Synthesis of ceramide and other measured sphingolipids. Shown are simplified pathways leading to ceramide, sphingomyelin, glucosyl ceramide, and lactosyl ceramide, the four sphingolipids measured in the study. In the de novo synthesis pathway and the salvage pathway, ceramide is formed by acylation of a fatty acid (FA) to a “sphingoid” backbone, dihydrosphinganine and sphingosine, respectively. There are six ceramide synthases in humans with different fatty acid specificities, resulting in multiple ceramide species carrying different fatty acids. Synthesis of ceramide by the two pathways occurs in the endoplasmic reticulum. Ceramide can also be formed by sphingomyelinases on the plasma membrane. Sphingomyelin is synthesized by sphingomyelin synthase by addition of a choline head group to ceramide transported to the Golgi. Glucosyl ceramide is synthesized by addition of a glucose head group to ceramide, and lactosyl ceramide by further addition of galactose to glucosyl ceramide, also in the Golgi.

Statistical Analysis

The statistical methods were identical for the outcomes of fasting plasma insulin, HOMA of insulin resistance (HOMA-IR), and HOMA of β-cell function (HOMA-B). The analyses are described using insulin as example. In the analyses, sphingolipid species concentrations and outcomes were log-transformed. We investigated the association of each sphingolipid with baseline plasma insulin, follow-up plasma insulin, and changes in insulin between baseline and follow-up examinations. Participants with diabetes at baseline were excluded from all analyses. For the prospective analyses and analyses of changes between baseline and follow-up, we further excluded participants with diabetes at the follow-up exam. The analyses of baseline and follow-up insulin used linear mixed models that included a family-specific random effects to account for familial aggregation and a subject-specific random effects with covariance among family members proportional to the kinship coefficient to account for genetic similarity among family members. Each model included prespecified adjustments for age, sex, geographic area, education, smoking, log(BMI), waist circumference, and physical activity. The analyses of change in insulin between baseline and follow-up did not include random effects with covariance proportional to the kinship matrix but were additionally adjusted for baseline insulin and used a random-effects longitudinal model to correct for measurement error in baseline insulin (15), as measurement error in an adjustment variable may introduce bias (16). To correct for multiple comparisons within each type of outcome model, we applied a Bonferroni correction and used a significance threshold of 0.0033 (0.05/15 sphingolipid species).

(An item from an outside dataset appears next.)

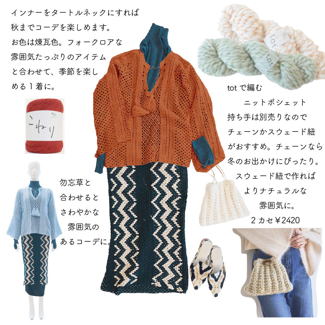 かぎ針編みで編みごたえのあるウエアを作りたい方におすすめのキットができました。

Missing values of baseline physical activity measures (n = 179) were multiply imputed (20 replicates) using information on age, sex, education, body fat, and triglycerides in models that accounted for possible family effect. The fully conditional expectation method implemented by the MICE package in R was used with predictive mean matching method (17). Variables included in the imputation were selected by minimizing the Bayesian information criterion in models predicting physical activity in the complete case data. Twenty imputed data sets were generated and model fitting results were pooled using standard methods (18).

We examined whether associations between sphingolipids and baseline insulin concentration were modified by differences in age, sex, and BMI by adding product interaction terms to the models above. To correct for multiple comparisons, we used a significance threshold of 0.0033 for interaction tests (0.05/15 sphingolipid species).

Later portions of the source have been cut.